Why does this project exist?#
LinkML originally grew out of the needs of the Biolink Model project, which needed a flexible schema representation for biological knowledge graphs that was independent of particular database systems (relational, triplestore, graph database) and serialization format (TSV, JSON, RDF, RDFStar).
Recognizing similar needs elsewhere, Harold Solbrig took the original Biolink metamodel and generalized it to create the BiolinkML framework. This was later named LinkML.
Is LinkML stable?#
The features of the core LinkML model are stable, you can use this to describe your datamodel without fear of breaking changes.
The language is being continually extended to meet the needs of a growing community.
Similarly, the LinkML toolchain is also growing.
Mappings between LinkML and other formalisms such as JSON-Schema and ShEx may be currently incomplete, and these are continually being improved, with plans to create new generators (e.g. for SHACL, and XSD)
How is LinkML licensed?#
All aspects of LinkML, from the core language itself to the toolchain are in the public domain through a CC-0 waiver.
Who uses LinkML?#
A subset of groups using LinkML can be found via the linkml-registry
LinkML is used in a number of major database resource projects. Many of these are centered around genomics and managing complex biological or environmental data, but the framework is completely domain neutral.
The National Microbiome Data Collaborative
The Center for Cancer Data Harmonization
The Alliance of Genome Resources
The Biomedical Data Translator project
The iSamples project
The NIH INCLUDE project
See Examples of use for more info on current uses.
Is LinkML only for Python developers?#
Definitely not! While the core framework is written in Python, and there is strong support for Python developers in the form of generation of Python dataclasses from a model, uses are not restricted to Python developers.
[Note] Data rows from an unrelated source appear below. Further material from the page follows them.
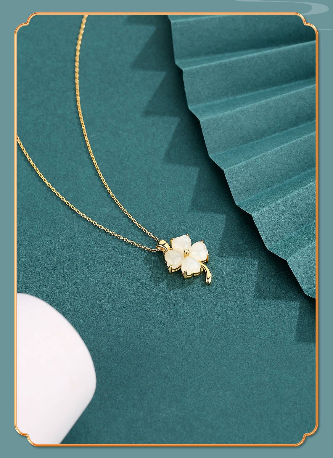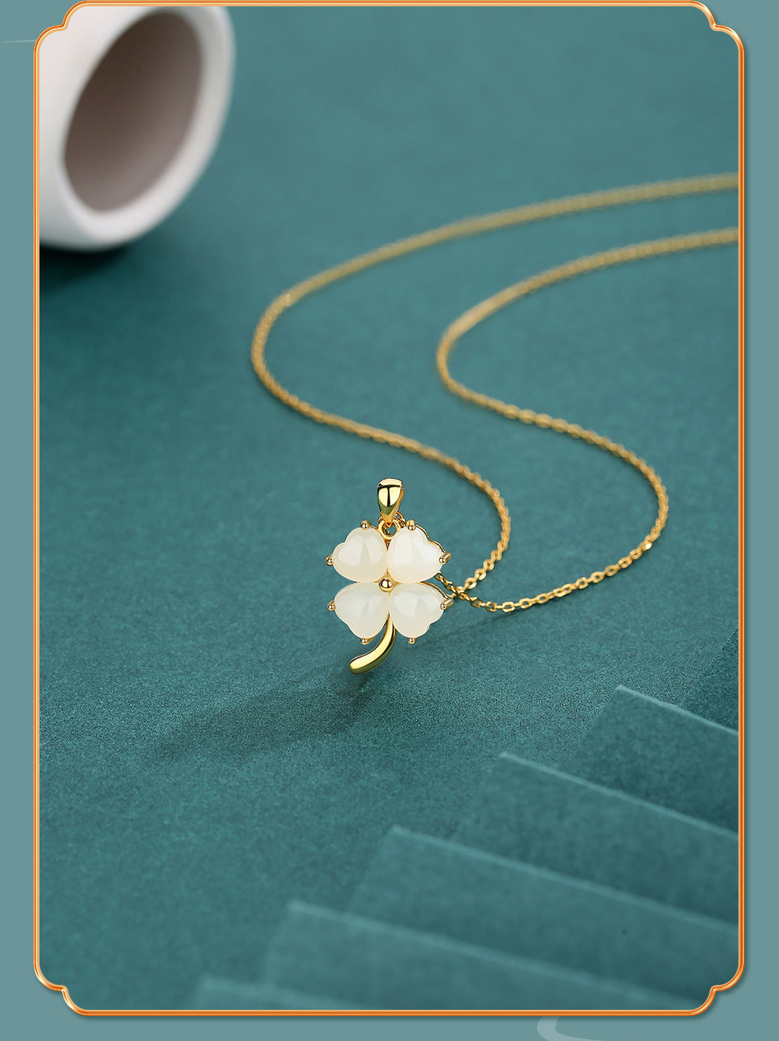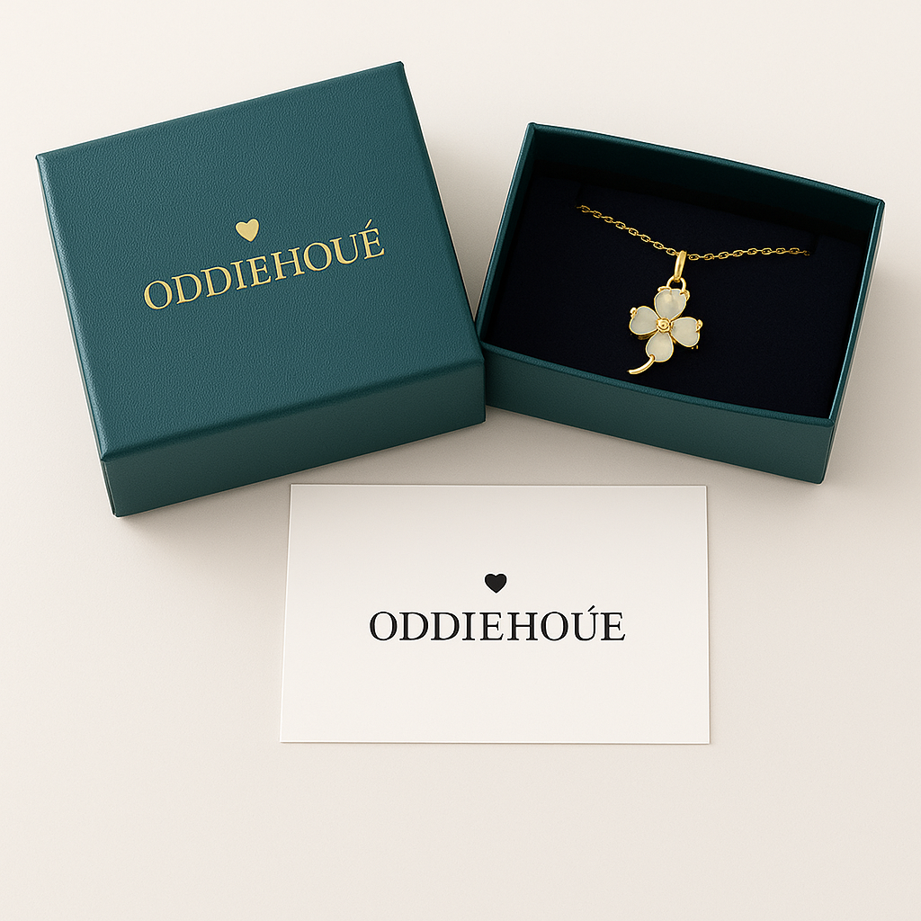 • El amuleto central en forma de trébol, tallado en pétalos de corazón, refleja la luz como un pequeño símbolo de bendiciones, haciendo que cada detalle brille con intención propia.
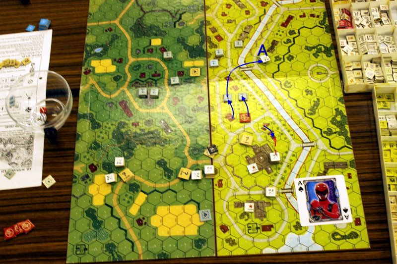 ドイツ軍の移動で特徴的なのは、運河を1個スタック渡ったこと(A)。これはVPの関係で、運河の向こう側へイギリス軍に渡られてしまうと、タイミング次第で勝負が決まってしまうからだ。
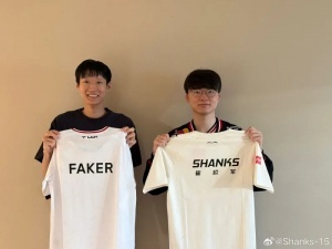体育资讯7月3日讯 今日MSI淘汰赛上,AL以3:1的比分击败FLY,赛后中单选手Shanks更博分享自己与Faker交换队服的合照。
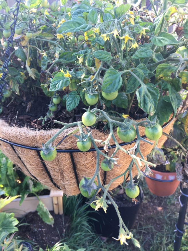 Even the lightly fungal-y hanging cherry tomatoes are heavy with fruit- but as a cherry type that’s not surprising.
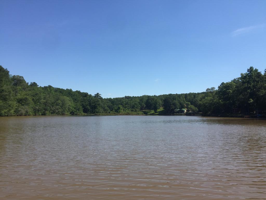 Lake Harding features several islands. One of the most notable is Houston's Island which contains the ruins of an old lake house.
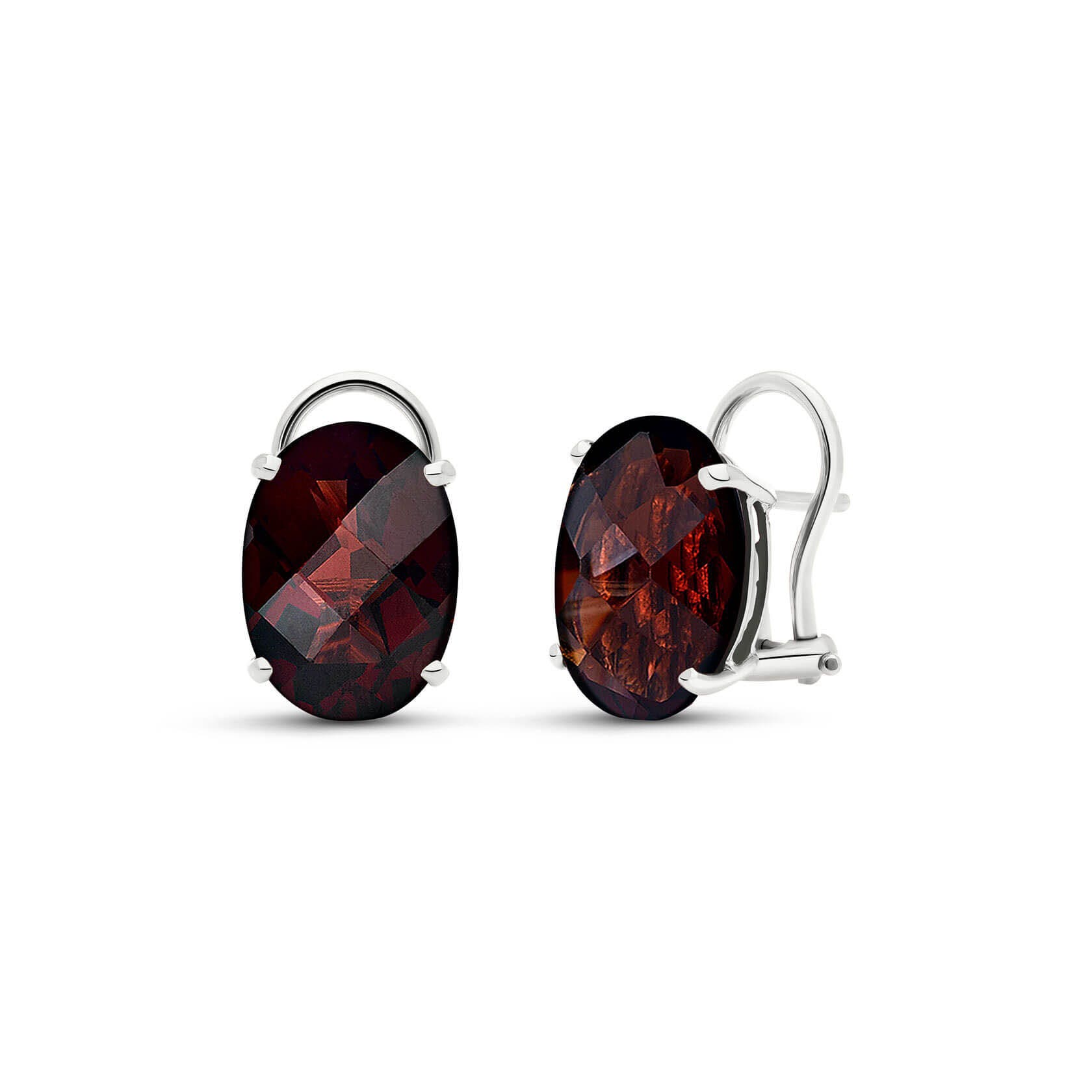 Garnet Stud Earrings handcrafted in solid white gold. Two genuine garnets, total 12 ct for both earrings combined. Oval cut. Post with friction back to fasten. Size: 10.2 x 14 mm (0.4 x 0.55 in). Material: 9ct White Gold. Total metal weight: 4.3 gr. 2 oval cut garnets (14 x 10 mm) = 12 ct total for pair. Colour: Red. Stone cut: Oval Cut. Anniversary: 2nd Anniversary. Birthstone: January.
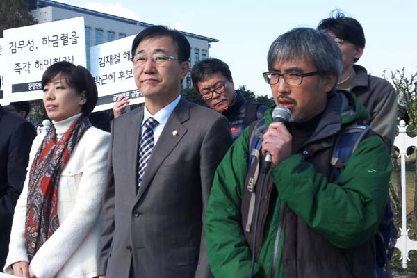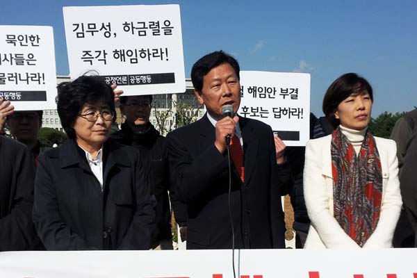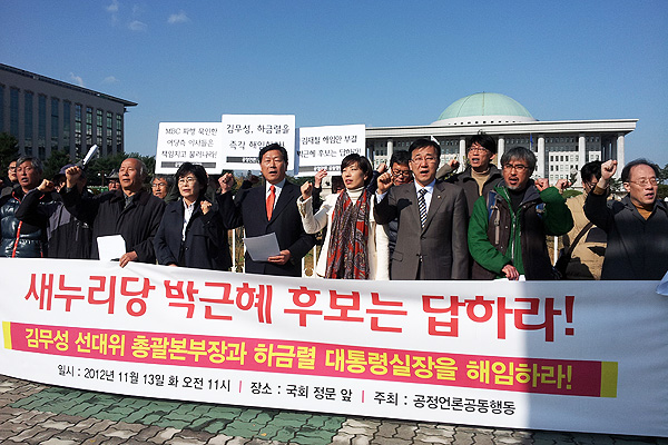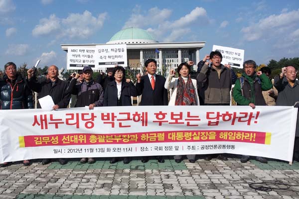 우리단체가 속한 공정언론 공동행동은 11월 13일(화) 오전 11시 국회 정문 앞에서 "새누리당 박근혜 후보는 김재철 해임부결에 대한 입장을 밝히고, 김무성 선대위총괄본부장과 청와대 하금렬 대통령실장을 해임하라!"는 기자회견을 열었습니다.
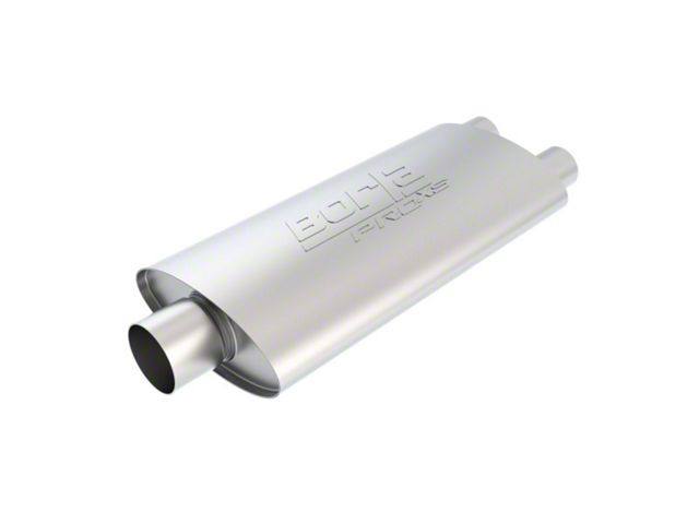Single inlet and dual outlet. Reversible design for installation flexibility. This muffler is generally used in a system that has a single inlet and dual outlets, but it can also be installed in a system with dual inlets and a single outlet. High-quality T-304 austenitic Stainless steel will never rust. 100% welded construction for strength. Free Flow design for improved performance. High-temperature continuous-filament fiber (CFF) acoustic material for sound control. Natural mill finish can be brushed or polished prior to installation. Best of all, it's made in the USA and backed by Borla's Million-Mile warranty. Just what you'd expect from the world's most experienced (and most winning) exhaust brand.
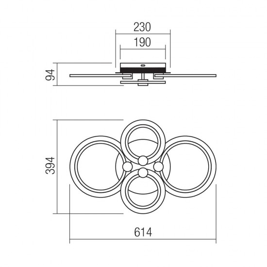 Lustra moderna pentru interior, dimabila, cu structură din metal vopsit alb mat si dispersoare din acril satinat.Echipată cu LED-uri SMD 54W, cu temperatură de culoare reglabilă din telecomandă între 3000K - 4500K - 6500K.Total flux luminos 4081 lumeni.Telecomanda este inclusă si are urmatoarele functii:on/offreglarea intensitatii luminoaseschimbarea temperaturii de culoare a luminii cald-neutru-recetimermod lumina veghe
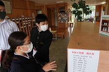 週末に家で本を読むために小学2年生が図書館で本を借りていました。週末は一人2冊まで本を借りることができます。家庭での読書は、読解力を身に付けるだけではなく、落ち着いた行動をとったり、継続する力を身に付けたりする上でも役に立つと言われています。上野小・中学校では「家庭での読書」を勧めています。
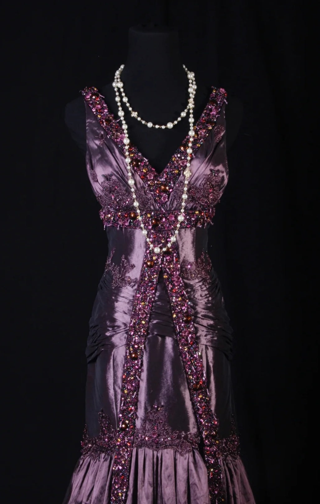 Vintage Grape Prom Dress V-Neck Sheath Evening Dress Satin Beaded Formal Dress DP05056
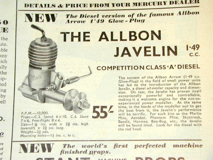 The first advertisement for the Javelin appeared nested in the Mercury Models full page add in the front section of Aeromodeller for February 1950. Earlier advertisements for the Arrow had been placed by Allbon Engineering, mentioning Mercury as the "sole distributor" (the Arrow was praised with feint damns by our friend, Lawerence H Sparey, in the January 1950 Aeromodeller). The Javelin quickly disappeared from Mercury's advertising as they concentrated on their growing kit range, so Allbon once again started placing small adds for the Javelin in the rear of Aeromodeller, though Mercury Models was still identified as their sole distributer. The blue headed Arrow was mentioned as still being available in these adds at the same price, fifty-five shillings, though it silently disappeared in 1951.
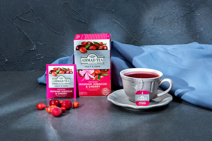 When it comes to feeling refreshed and revitalised, nothing compares to our Rosehip, Hibiscus & Cherry fruit and herb tea. Our expert Tea Masters only use 100% natural ingredients to create this beautiful crimson-red infusion. Dried cherries and natural cherry flavouring bring an authentically tart taste, while fruity hibiscus flowers and tangy rosehip give a fresh, citrusy backnote. With each ingredient bursting with intensity, this is a blend that’s sure to nurture and rejuvenate.
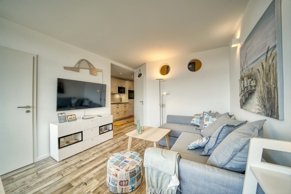 Diese 1A-Ferienwohnung verbindet Funktionalität, modernes Design und maritimes Flair perfekt für Familien, die im Urlaub Wert auf Stil, Komfort und eine zentrale Lage legen.
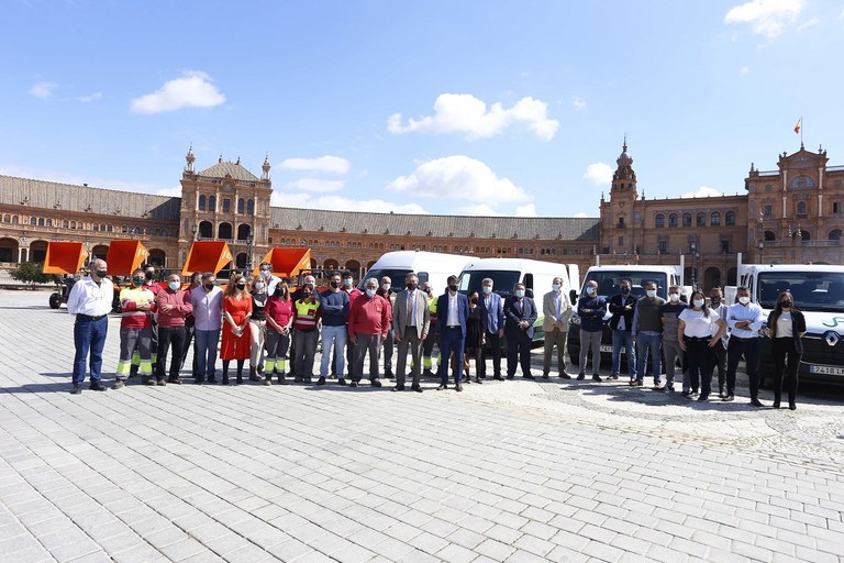 El alcalde de Sevilla, Juan Espadas, junto al delegado de Transición Ecológica, David Guevara, acompañados de representantes sindicales y de la plantilla han presentado esta nueva flota que tiene como objetivo renovar todos los vehículos con más de diez años existentes, aumentar la flota con un mayor alcance y efectividad, incorporar bicicletas y motos eléctricas y garantizar mediante un sistema de renting un mejor mantenimiento de los vehículos. Concretamente, se han adquirido 7 turismos, 7 furgones de distinto tamaño, 3 camiones ligeros, un pick up, seis bicicletas eléctricas, dos motocicletas eléctricas y 8 vehículos volquete autopropulsados.
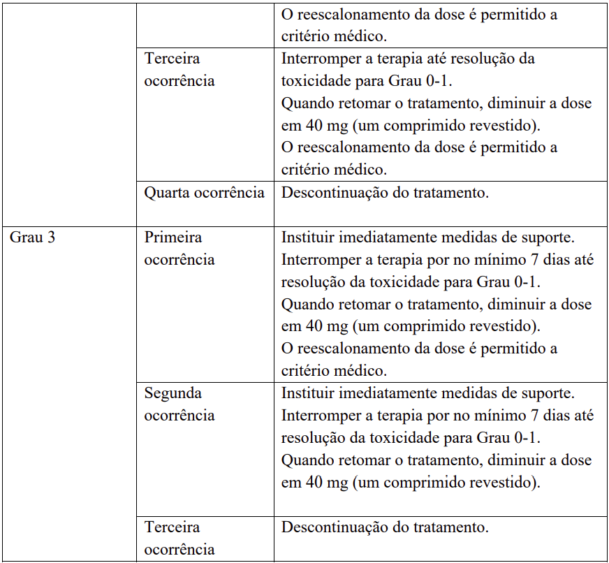 A interrupção e/ou redução da dose podem ser necessárias baseado na segurança e tolerabilidade individual. Modificações da dose devem ser aplicadas a cada 40mg (um comprimido). A dose diária mais baixa recomendada é de 80mg. A dose diária máxima é de 160mg.

For example, some users of LinkML compile their schema down to JSON-Schema and then use JSON-Schema toolchains in their language of choice.
And note that there is increasing support for generating object models in other languages, with java generators under active development!
Do I need to be a developer to use LinkML?#
You don’t need to be a developer to use LinkML. You can create schemas without writing any code.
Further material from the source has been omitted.